▸ **Action item**: Drop every picture, then print the rest of the listing exactly as given.
Given material: Begin
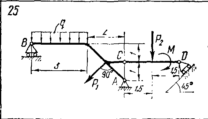 Решение задачи С5 вариант 25 из решебника по теоретической механике Яблонский А.А. 1978 г., на тему: С5 Определение реакций опор составной конструкции (система двух тел) (стр. 29 задачника)..
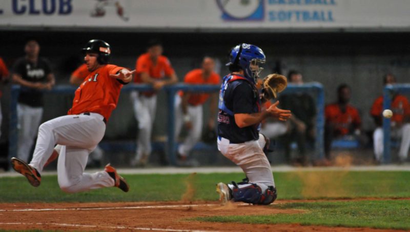 Due riprese più avanti le mazze romagnole piazzano l’allungo decisivo sul rilievo Cherubini. Dopo l’out di Romero, Angulo tocca un singolo, mentre N. Garbella si guadagna una base ball. Il prima base dei Pirati Ustariz realizza un gran doppio al centro da due punti che svuota le basi (1-8). Al cambio di campo un altro fuoricampo questa volta dell’ex MLB Colabello confeziona la seconda segnatura della T&A sempre sullo starter Bassani (2-8). Al quinto inning prima su Cherubini poi sul neo entrato Perez i Pirati producono l’ennesimo big inning da 5 punti che di fatto affossa gli avversari (2-13). Non sazi della scorpacciata di valide, il lineup neroarancio nel corso della settima ripresa di gioco trova altri 3 punti sul giovane Coveri grazie a tre valide e un colpito (2-16).
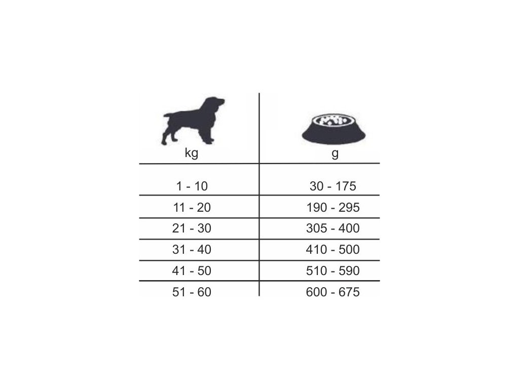 Doporučené denní dávkování viz. tabulka v galerii produktu. Vždy zajistěte, aby měl pes k dispozici dostatek čerstvé vody. Datum minimální trvanlivosti a číslo šarže jsou uvedeny na obalu. Skladujte při pokojové teplotě.
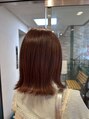 やわらかさと透明感を兼ね備えたピンクベージュカラー。ほんのり甘さを感じる色味が肌なじみも良く、自然光でさらにツヤ感アップ♪毛先はぷつっとラインを残したボブで、まとまりやすく扱いやすいスタイルです。
Given material: End
▸ **Exercise output**:
 Решение задачи С5 вариант 25 из решебника по теоретической механике Яблонский А.А. 1978 г., на тему: С5 Определение реакций опор составной конструкции (система двух тел) (стр. 29 задачника)..
 Due riprese più avanti le mazze romagnole piazzano l’allungo decisivo sul rilievo Cherubini. Dopo l’out di Romero, Angulo tocca un singolo, mentre N. Garbella si guadagna una base ball. Il prima base dei Pirati Ustariz realizza un gran doppio al centro da due punti che svuota le basi (1-8). Al cambio di campo un altro fuoricampo questa volta dell’ex MLB Colabello confeziona la seconda segnatura della T&A sempre sullo starter Bassani (2-8). Al quinto inning prima su Cherubini poi sul neo entrato Perez i Pirati producono l’ennesimo big inning da 5 punti che di fatto affossa gli avversari (2-13). Non sazi della scorpacciata di valide, il lineup neroarancio nel corso della settima ripresa di gioco trova altri 3 punti sul giovane Coveri grazie a tre valide e un colpito (2-16).
 Doporučené denní dávkování viz. tabulka v galerii produktu. Vždy zajistěte, aby měl pes k dispozici dostatek čerstvé vody. Datum minimální trvanlivosti a číslo šarže jsou uvedeny na obalu. Skladujte při pokojové teplotě.
 やわらかさと透明感を兼ね備えたピンクベージュカラー。ほんのり甘さを感じる色味が肌なじみも良く、自然光でさらにツヤ感アップ♪毛先はぷつっとラインを残したボブで、まとまりやすく扱いやすいスタイルです。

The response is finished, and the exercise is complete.